Summarize Text: NLP is a branch of artificial intelligence that deals with the interaction between computers and human (natural) languages. NLP is used to build applications that can automatically understand and respond to human language, such as chatbots and virtual assistants. NLP is also used for tasks such as text classification

6. BART

A Bidirectional Auto-Regressive Transformer (BART) is a combination of a standard Seq2Seq bidirectional encoder, such as BERT, with a left-to-right autoregressive decoder, such as GPT, developed by Facebook. By analyzing sequences at once and mapping connections between words irrespective of where they’re in the texts, the language models can execute any NLP task. As a result, depending on the context, the same word can have different vectors in its word embedding having billions of parameters to train. The output of the original paragraph is summarized using the BART model, which is shown below.

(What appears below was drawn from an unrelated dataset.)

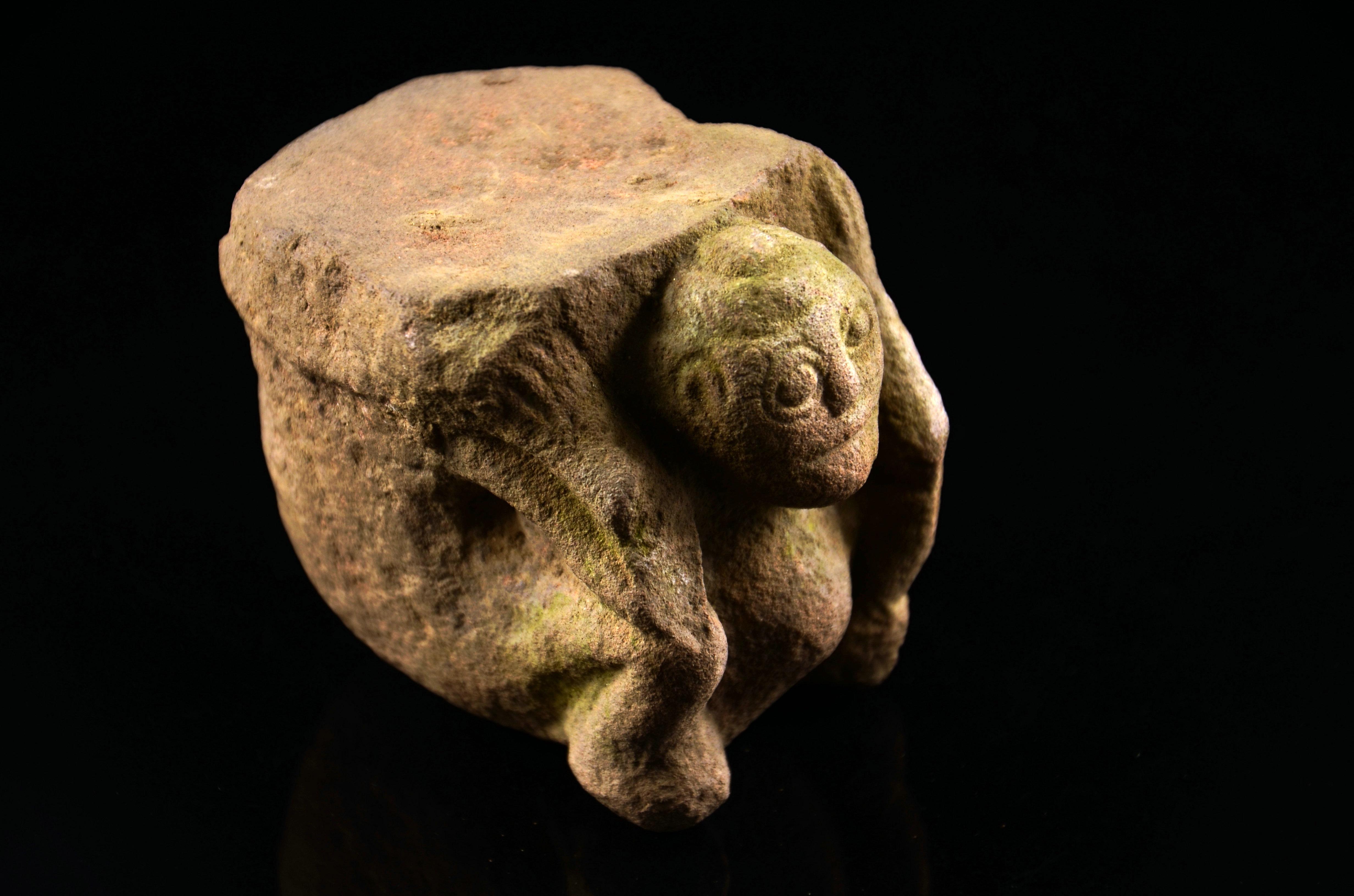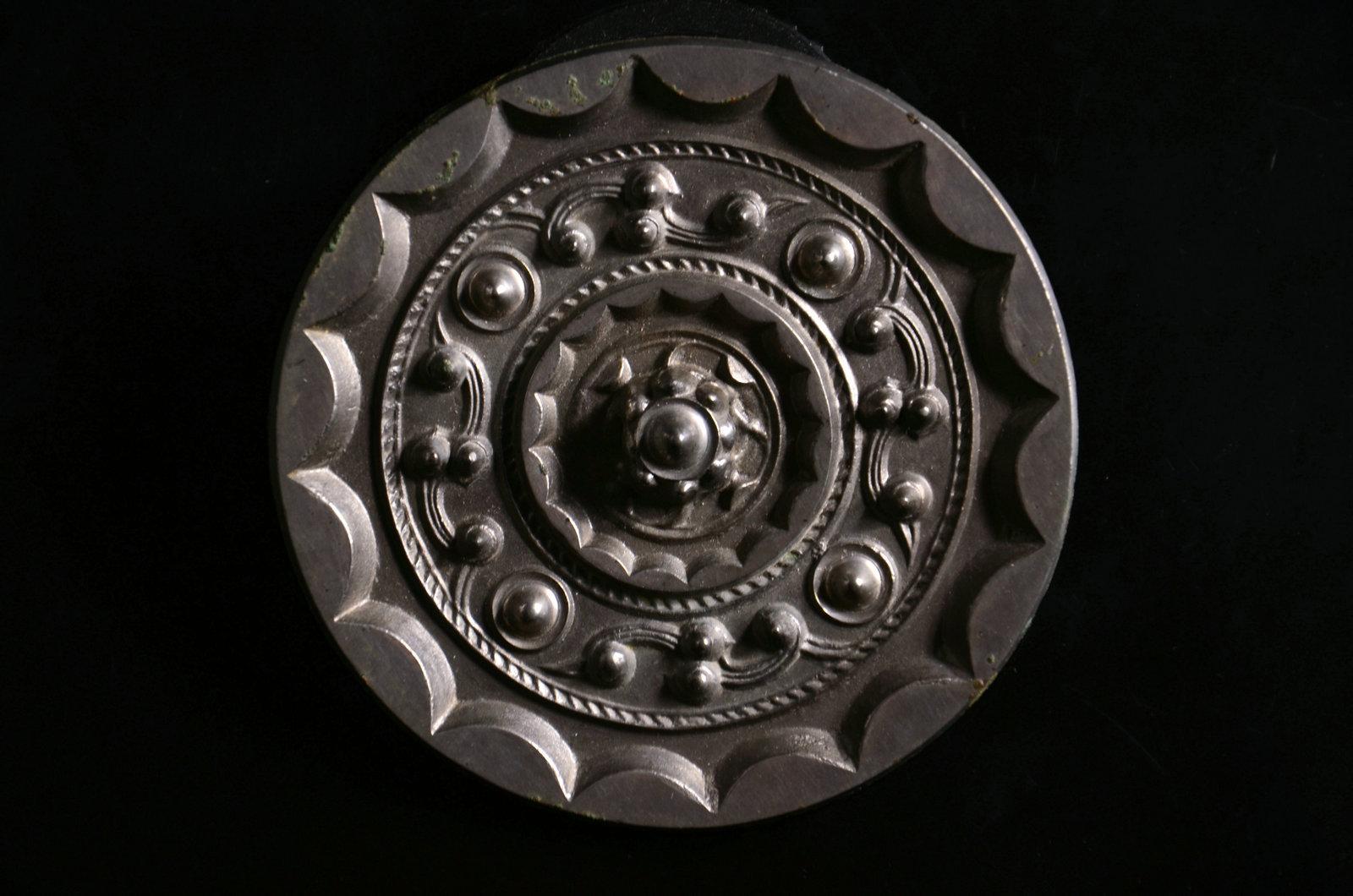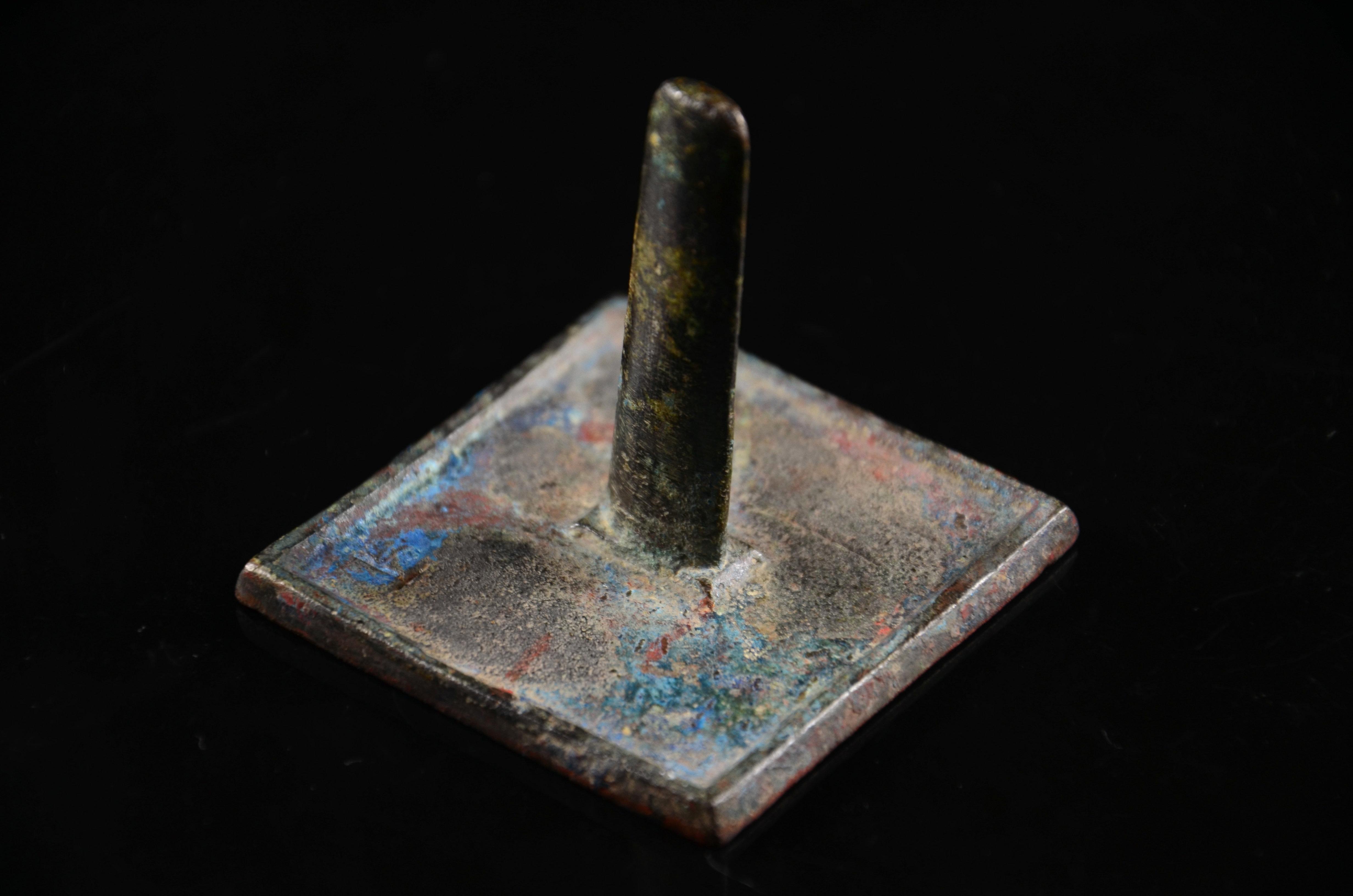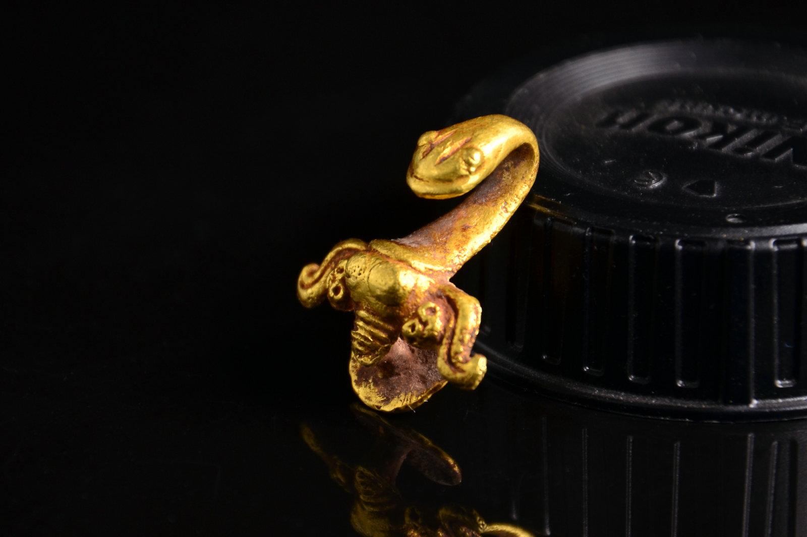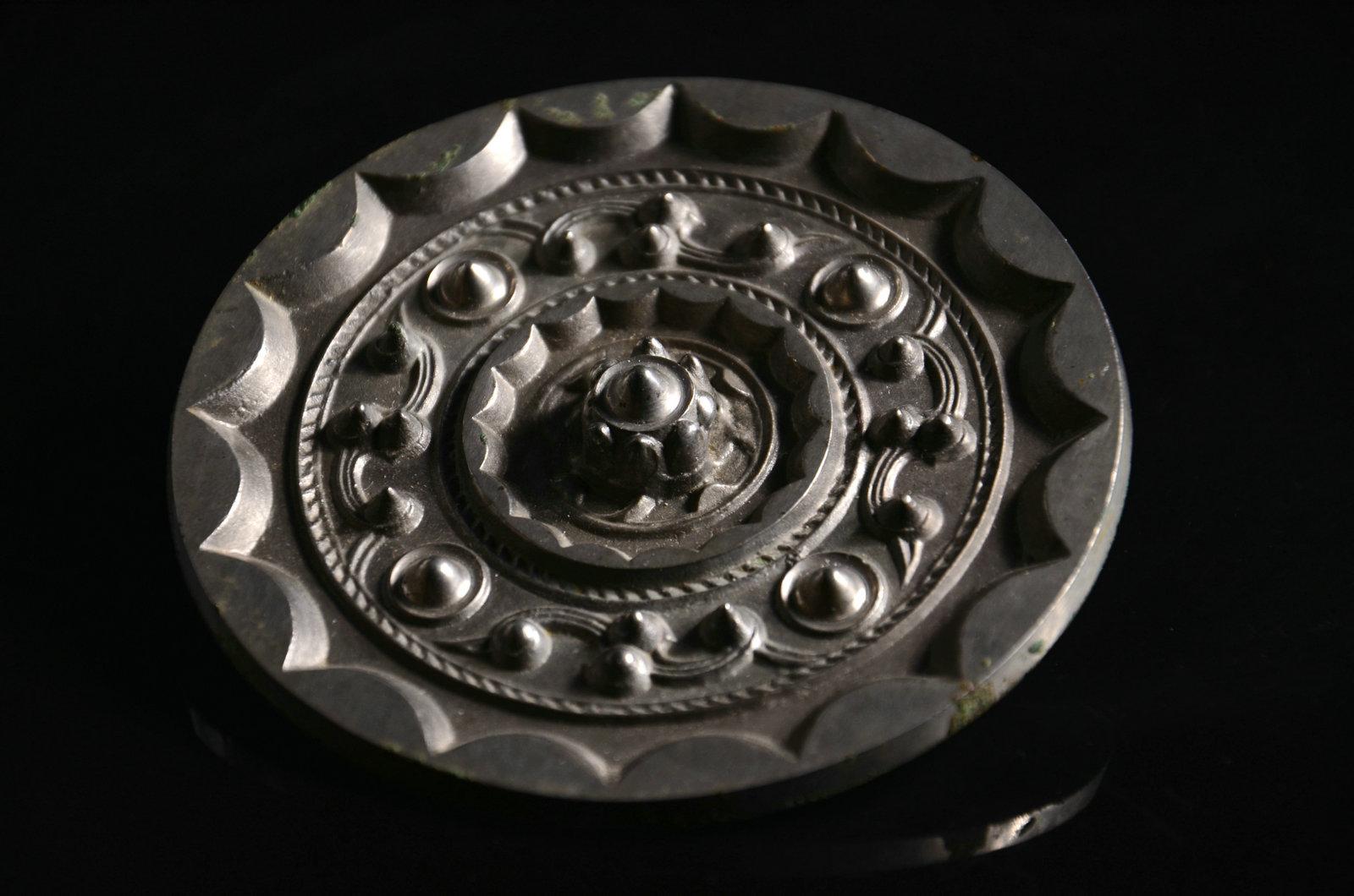 这个没太多好说的东西,就是年份早和少见。这种锤的形制,有学者认为是受欧洲罗马时代权杖的影响。迄今无定论。绿锈皮壳下,鎏金依然可见,所以不清了,就这样了吧。

BART text summarization algorithm code

Summarize Text: ‘Natural Language Processing (NLP) makes it possible for computers to understand the human language’ ‘Probably the most popular examples of NLP in action are virtual assistants like Google Assist, Siri, and Alexa’ ‘NLP analyses the grammatical structure of sentences and the individual meanings of words’

Conclusion:

This blog analyzed six popular text summarization approaches, including TextRank, an unsupervised machine learning methodology, and two types of supervised machine learning methods, such as Seq2Seq which is based on word embedding, and pre-trained BART. An automatic text summarization’s advantages extend to resolving immediate issues. By automatically generating text summaries, content editors save time and effort that would otherwise be spent manually creating article summaries. The following are some significant advantages of text summarization:

Instantly effective: Reading the full article, analyzing it, and extracting the important concepts from the raw text takes a lot of time. Automatic text summarization allows individuals to quickly summarize a piece of information within seconds, and it saves the reader time. a quick response, which minimizes the amount of effort required by the user to locate necessary details.
Increase productivity level: Test summarization improves productivity by allowing the user to review the contents of a text for accurate, brief, and precise information. As a result, the tool allows more time for the user by reducing the amount of text and boosts productivity by allowing the user to concentrate on important tasks.
Include all critical information: Automated software does not skip important details that the human eye does. Every reader wishes to be able to extract the most relevant information from any piece of writing. The user can easily obtain all of the key information in a document using the automatic text summarizing technique.